In October of 2020, the Dutch government deemed that because team-sized trainings were unsafe and subsequently cancelled football across the country, except for the Eredivisie, the highest level of professional men’s football in the Netherlands. In response, female players pushed back by reaching out to politicians personally, outlining the situation’s unfairness. The overwhelmingly negative reaction forced the government to recall their decision and allow women’s football to continue.

It may seem all doom and gloom for women’s professional football because of the pandemic’s effects, especially based on the findings in FIFPRO’s survey. However, a few football associations have supported their women’s team during this pandemic, which has led to success on the pitch. 
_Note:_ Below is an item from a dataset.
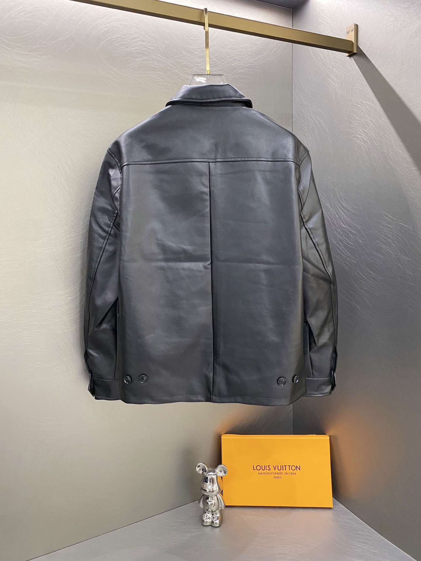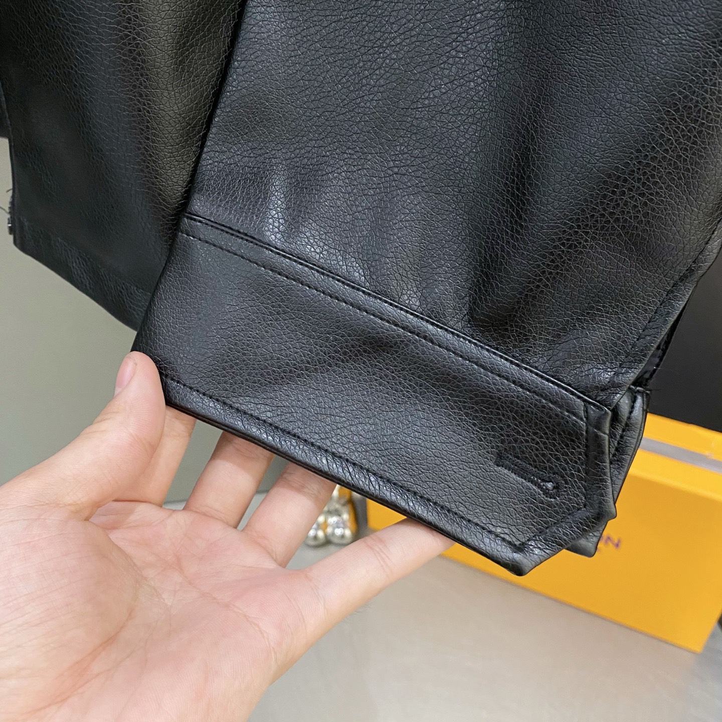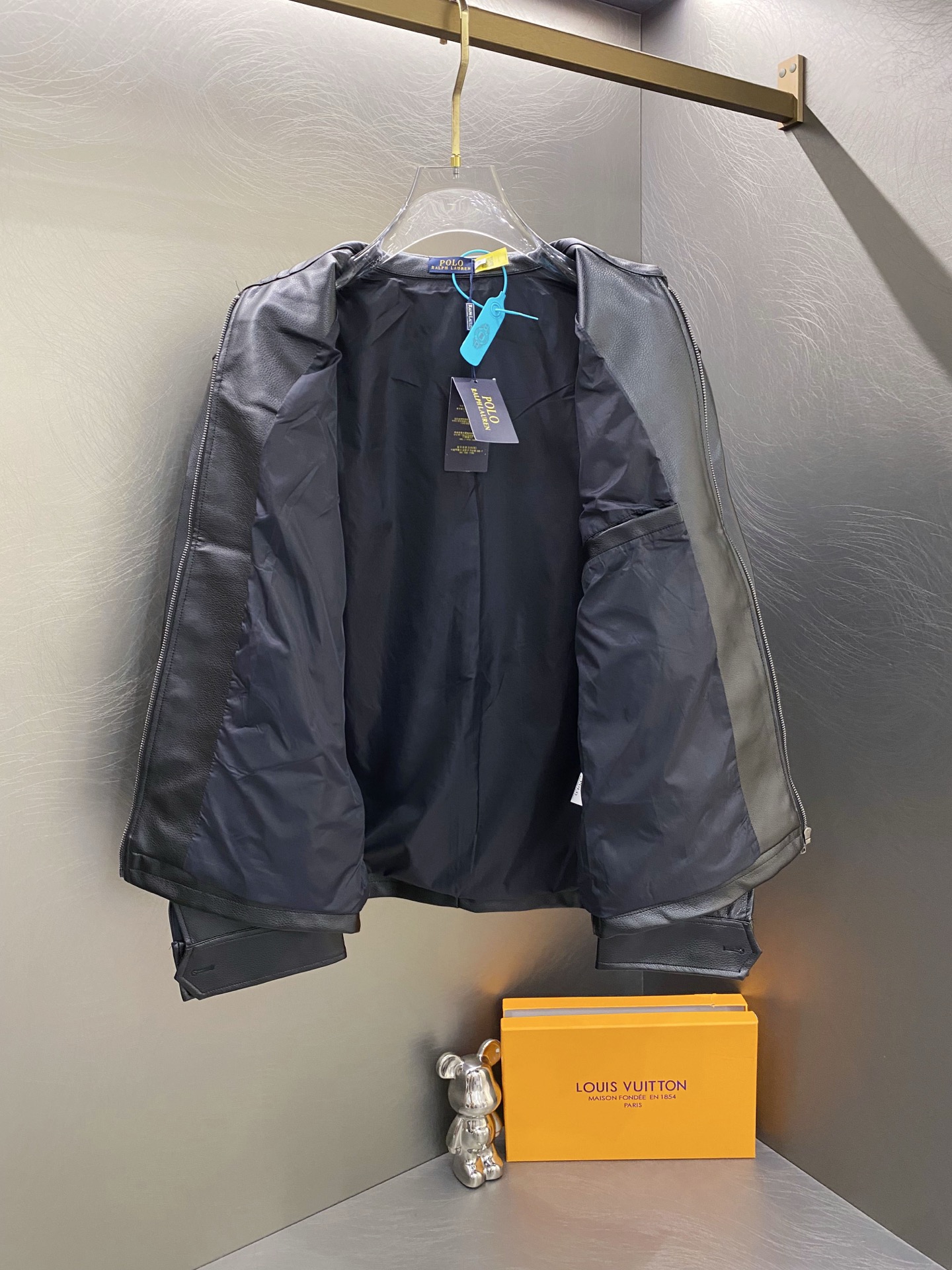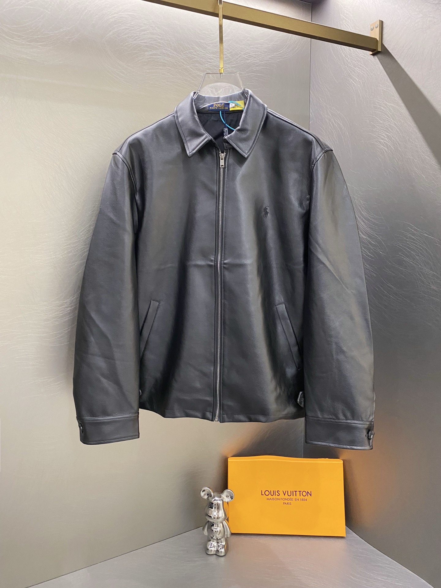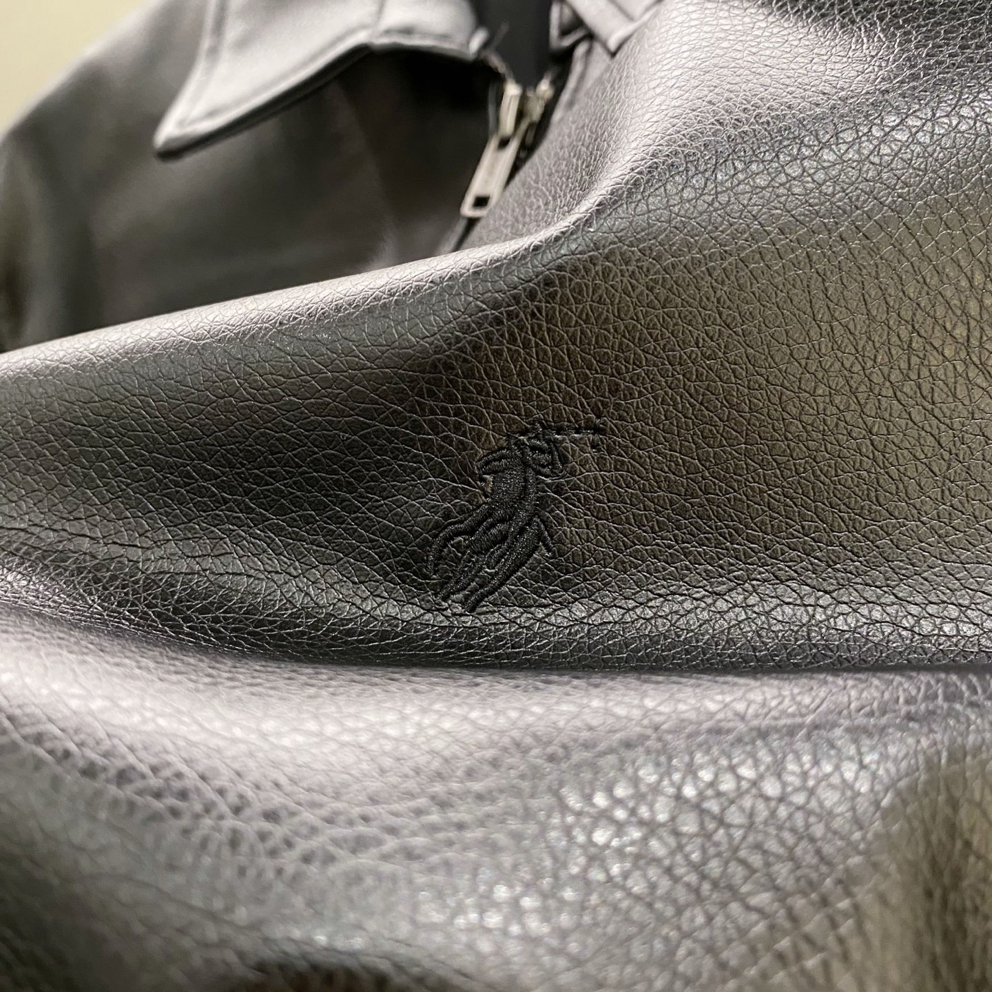 Polo Ralph Lauren men's black zip-up leather jacket. Slim fit, faux lychee grain leather, custom zipper, equestrian embroidery. Sizes S-XL.

The National Women’s Soccer League, the highest level of professional football in the United States, were applauded for their management of contracts. The NWSL became the first professional sports league in the United States to return, and it was able to stage two tournaments in 2020.

The tournaments’ success came from guaranteeing benefits such as insurance and housing and allowing players to opt-out of playing should they choose (players who opted out were still given full benefits). 

America’s southern neighbours also joined the movement in supporting their women footballers during the pandemic by investing entirely towards bringing back the Liga MX Femenil as quickly and as safely as possible. 

Due to the pandemic, FIFA announced a relief plan that made up to 1.5 billion USD available to football federations who apply. One of FIFA’s clauses was that a minimum of 50% of the funds received must be allocated towards women’s football. 

The Mexican Football Association took it one step further by using almost all their funds from FIFA to support women’s football and ensured that the Liga MX Femenil returned in August of 2020. The funds were used towards players’ salaries and coronavirus test kits to ensure that the women are playing in a safe environment. 

Furthermore, countries like Span, Italy and Argentina have also fully professionalized women’s leagues or are in the process of doing so within the next year in the wake of the pandemic. 

COVID-19 has definitely widened the discussions about the inequalities women face in football. While it is too soon to know the full impacts of the ongoing pandemic, the worry is that if these athletes and the leagues they play in are continuously cast to one side, the progress made over the years to elevate women’s football would all be for nothing.